* Instructions to follow
When you copy from the entries that follow, take only the lines from the one with "Salviette monouso rinfrescanti" down to the one with "A Felületre szerelhető", keeping both ends and dropping every picture.

Stored items from a collection

============================================================

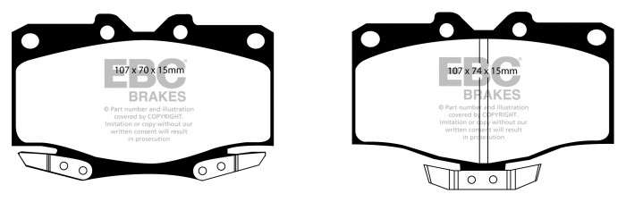 Czarne klocki EBC wykonane są z najwyższej jakości materiałów ciernych, spełniających wymogi norm bezpieczeństwa hamulców ECE R90 i jako takie stanowią doskonały zamiennik klocków montowanych fabrycznie – a przy tym za znacznie mniejsze pieniądze. Produkowane z podkładkami antywibracyjnymi, ukośnymi ścięciami, szczeliną dylatacyjną oraz unikalną powłoką BRAKE-IN, zapewniają niezwykle krótki czas docierania (w Europie tylko określone warianty mają podkładki).
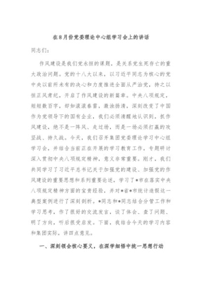 / 【七哥公文】2025年:在8月份党委理论中心组学习会上的讲话+更多免费公文+VX:QiGeGongWen2024
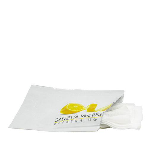 Salviette monouso rinfrescanti al limone, 70x100mm Le Salviettine Rinfrescanti sono realizzate in TNT e sono confezionate singolarmente; queste sa...
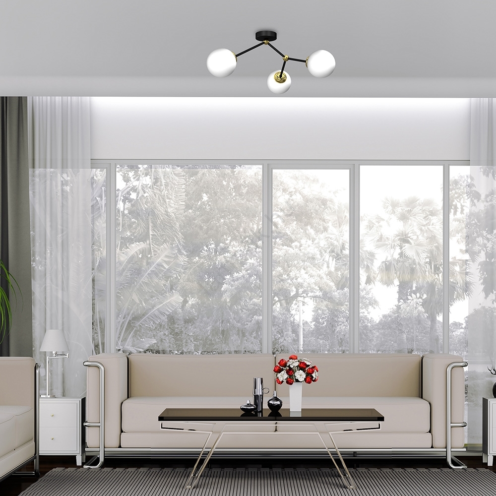 A Felületre szerelhető csillár JOY 3xE14/40W/230V fekete/arany a szép és funkcionális dizájn jellemzi.  A világításhoz egy E14 aljzattal ellátott izzó alkalmas. Itt további izzókat vásárolhat kedvező áron. Érdekes kiegészítője lesz otthonának.
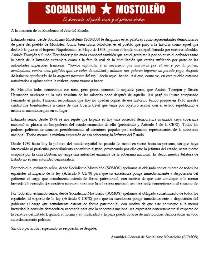 Socialismo Mostoleño, partido local de Móstoles, también acudirá a la concentración y tratará de hacer llegar al monarca una carta (que reproducimos mas abajo). Según su presidente “El lunes nos visita el representante de la máxima institución política española… la única que los españoles/as no podemos elegir. No podemos ni siquiera opinar sobre ella.

============================================================

* Written answer
 Salviette monouso rinfrescanti al limone, 70x100mm Le Salviettine Rinfrescanti sono realizzate in TNT e sono confezionate singolarmente; queste sa...
 A Felületre szerelhető csillár JOY 3xE14/40W/230V fekete/arany a szép és funkcionális dizájn jellemzi.  A világításhoz egy E14 aljzattal ellátott izzó alkalmas. Itt további izzókat vásárolhat kedvező áron. Érdekes kiegészítője lesz otthonának.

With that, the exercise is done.